The pictures are to be omitted when the entries are reproduced exactly.

Collected data entries:
►
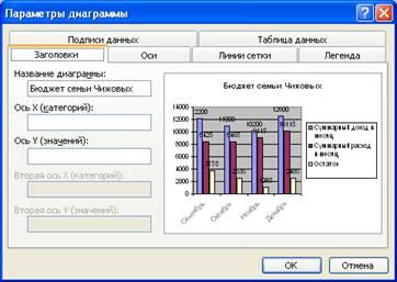 - задаем параметры ( заголовки, подписи, размещение) (рис. 15).
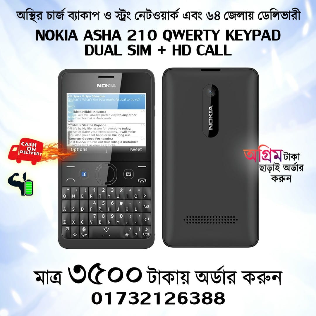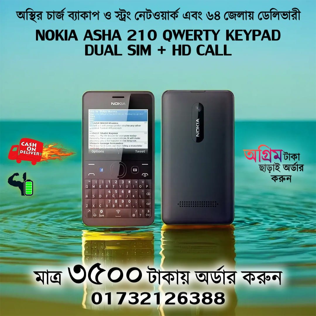 নোকিয়া Asha 210 ইউনিক মোবাইল কথা বলার জন্য এবং রাফ ইউজ এর জন্য। এতে কম্পিটার কিবোর্ড এর মতো অনেক গুলা বাটন আছে যা বলা হয় Qwerty Keypad. নিসন্দেহে এটি ইউনিক গরজিয়াস লুকিং এর একটা ফোন। এতে দুই সিম সাপোর্ট করে এবং একসময় বিশ্ব কাপানো সেট ছিলো এটি। নোকিয়া আশা ২১০ আমাদের স্টকে অরিজিনাল রিফার্বিশড কন্ডিশন এর রয়েছে।
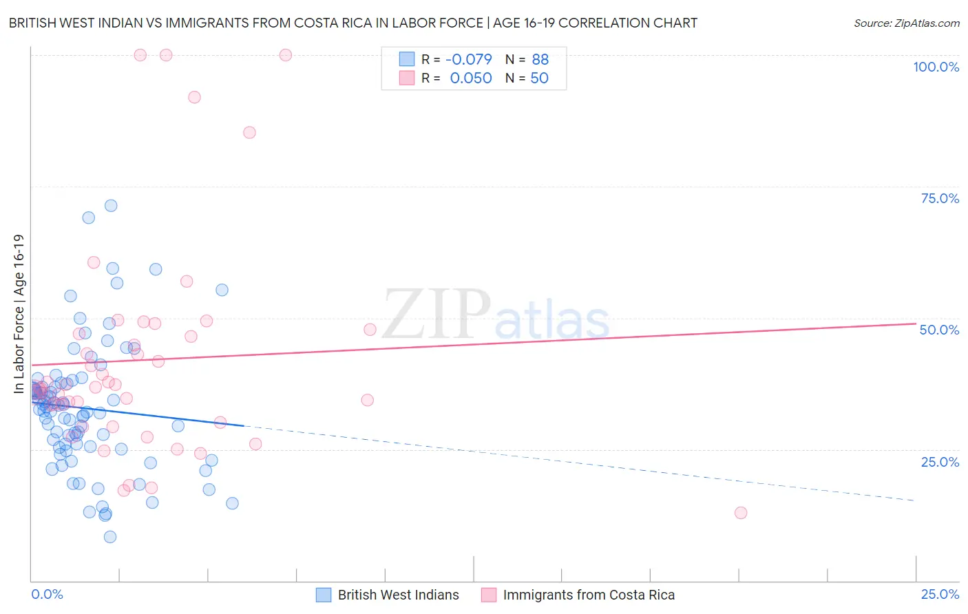 British West Indian vs Immigrants from Costa Rica In Labor Force | Age 16-19 Correlation Chart
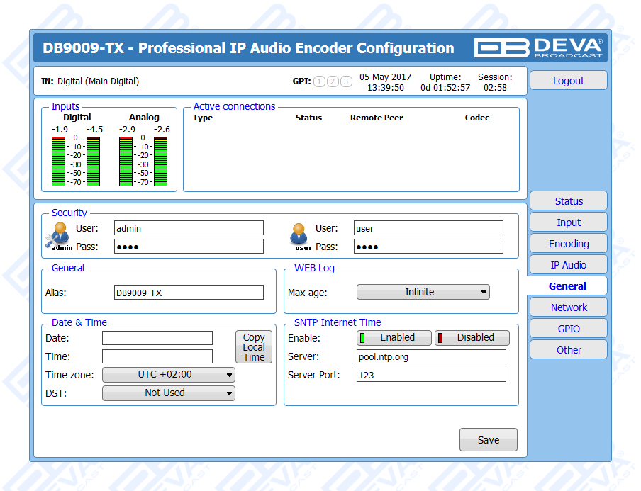 DB9009-TX is a second generation multi protocol Audio over IP Encoder, designed in line with the latest market requirements. Designed to be user friendly in terms of operation, this device is perfect for both inexperienced and professional broadcasters alike. DB9009-TX can work with either analog or digital audio signal. The compressed output signal is directly transmitted over the IP-based networks to one or more compatible IP Audio players or decoders.
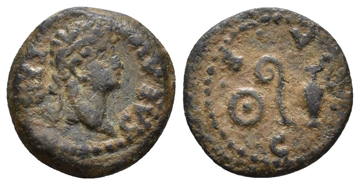 HISPANIA ANTIGUA. EMERITA. Augusto. Cuadrante. A/ Cabeza laureada a der.; (PER) CAE AVG. R/ Instrumentos sacerdotales; C-A-E. AE 2,05 g. 15,2 mm. I-1024; APRH-19; ACIP-3392; CC-3892, mismo ejemplar. Pátina oscura. BC+. Escasa.
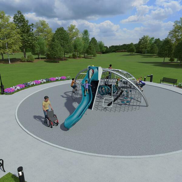 Attack the Crab Trap® with SlideWinder2®! Kids ages 5 to 12 can decide how to navigate from the outside to the inside and back again. No matter how they climb or crawl through the challenges, the open-ended play experience will keep them coming back for more. Plus, the addition of the SlideWinder2 adds more thrills to this ADA-compliant, inclusive climbing playground net structure.Features
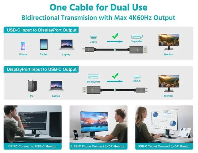 Enjoy versatile, highperformance video connectivity with this bidirectional USBC to DisplayPort cable. Connect USBC laptops, tablets, and phones to DisplayPort monitors, or link DisplayPortenabled PCs to USBC monitorsall with a single, twoway solution. Supporting resolutions up to 4K at 60Hz, it delivers sharp visuals, smooth motion, and vibrant color for work, streaming, and gaming.
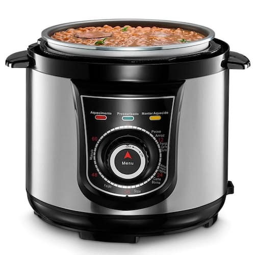 Panela de pressão elétrica Elgin com capacidade para até 4,0 l, tamanho adequado para o preparo da maioria das receitas. Potencia de 840w. Controle de fácil programação, basta girar o botão do timer até o tempo desejado e pronto Função manter aquecido que mantém o alimento preparado pronto para servir. Possui 9 dispositivos de segurança para evitar acidentes. Cuba antiaderente de fácil limpeza e que pode ir para máquina de lavar louças. Acompanha colher e copo medidor. Características: - Marca: Elgin - Modelo: 42PPR1001000 Especificações: - Panela de Pressão Elétrica - Controle de Fácil Programação - Função Manter Aquecido - 9 Dispositivos de Segurança - Cuba Antiaderente que pode ir para a maquina de lavar louças Potência (W): - 840W Tensão (V): - 127V Capacidade: - 4 L Consumo (KW/ H): - 0,84 KW/h Conteúdo da Embalagem: - 1x Panela de Pressão - 1x Cuba com revestimento antiaderente - Manual de instruções - 1x Colher para servir - 1x Copo medidor Garantia 1 ano de garantia Peso 4180 gramas (bruto com embalagem)
◄
**Result:**
 - задаем параметры ( заголовки, подписи, размещение) (рис. 15).
 নোকিয়া Asha 210 ইউনিক মোবাইল কথা বলার জন্য এবং রাফ ইউজ এর জন্য। এতে কম্পিটার কিবোর্ড এর মতো অনেক গুলা বাটন আছে যা বলা হয় Qwerty Keypad. নিসন্দেহে এটি ইউনিক গরজিয়াস লুকিং এর একটা ফোন। এতে দুই সিম সাপোর্ট করে এবং একসময় বিশ্ব কাপানো সেট ছিলো এটি। নোকিয়া আশা ২১০ আমাদের স্টকে অরিজিনাল রিফার্বিশড কন্ডিশন এর রয়েছে।
 British West Indian vs Immigrants from Costa Rica In Labor Force | Age 16-19 Correlation Chart
 DB9009-TX is a second generation multi protocol Audio over IP Encoder, designed in line with the latest market requirements. Designed to be user friendly in terms of operation, this device is perfect for both inexperienced and professional broadcasters alike. DB9009-TX can work with either analog or digital audio signal. The compressed output signal is directly transmitted over the IP-based networks to one or more compatible IP Audio players or decoders.
 HISPANIA ANTIGUA. EMERITA. Augusto. Cuadrante. A/ Cabeza laureada a der.; (PER) CAE AVG. R/ Instrumentos sacerdotales; C-A-E. AE 2,05 g. 15,2 mm. I-1024; APRH-19; ACIP-3392; CC-3892, mismo ejemplar. Pátina oscura. BC+. Escasa.
 Attack the Crab Trap® with SlideWinder2®! Kids ages 5 to 12 can decide how to navigate from the outside to the inside and back again. No matter how they climb or crawl through the challenges, the open-ended play experience will keep them coming back for more. Plus, the addition of the SlideWinder2 adds more thrills to this ADA-compliant, inclusive climbing playground net structure.Features
 Enjoy versatile, highperformance video connectivity with this bidirectional USBC to DisplayPort cable. Connect USBC laptops, tablets, and phones to DisplayPort monitors, or link DisplayPortenabled PCs to USBC monitorsall with a single, twoway solution. Supporting resolutions up to 4K at 60Hz, it delivers sharp visuals, smooth motion, and vibrant color for work, streaming, and gaming.
 Panela de pressão elétrica Elgin com capacidade para até 4,0 l, tamanho adequado para o preparo da maioria das receitas. Potencia de 840w. Controle de fácil programação, basta girar o botão do timer até o tempo desejado e pronto Função manter aquecido que mantém o alimento preparado pronto para servir. Possui 9 dispositivos de segurança para evitar acidentes. Cuba antiaderente de fácil limpeza e que pode ir para máquina de lavar louças. Acompanha colher e copo medidor. Características: - Marca: Elgin - Modelo: 42PPR1001000 Especificações: - Panela de Pressão Elétrica - Controle de Fácil Programação - Função Manter Aquecido - 9 Dispositivos de Segurança - Cuba Antiaderente que pode ir para a maquina de lavar louças Potência (W): - 840W Tensão (V): - 127V Capacidade: - 4 L Consumo (KW/ H): - 0,84 KW/h Conteúdo da Embalagem: - 1x Panela de Pressão - 1x Cuba com revestimento antiaderente - Manual de instruções - 1x Colher para servir - 1x Copo medidor Garantia 1 ano de garantia Peso 4180 gramas (bruto com embalagem)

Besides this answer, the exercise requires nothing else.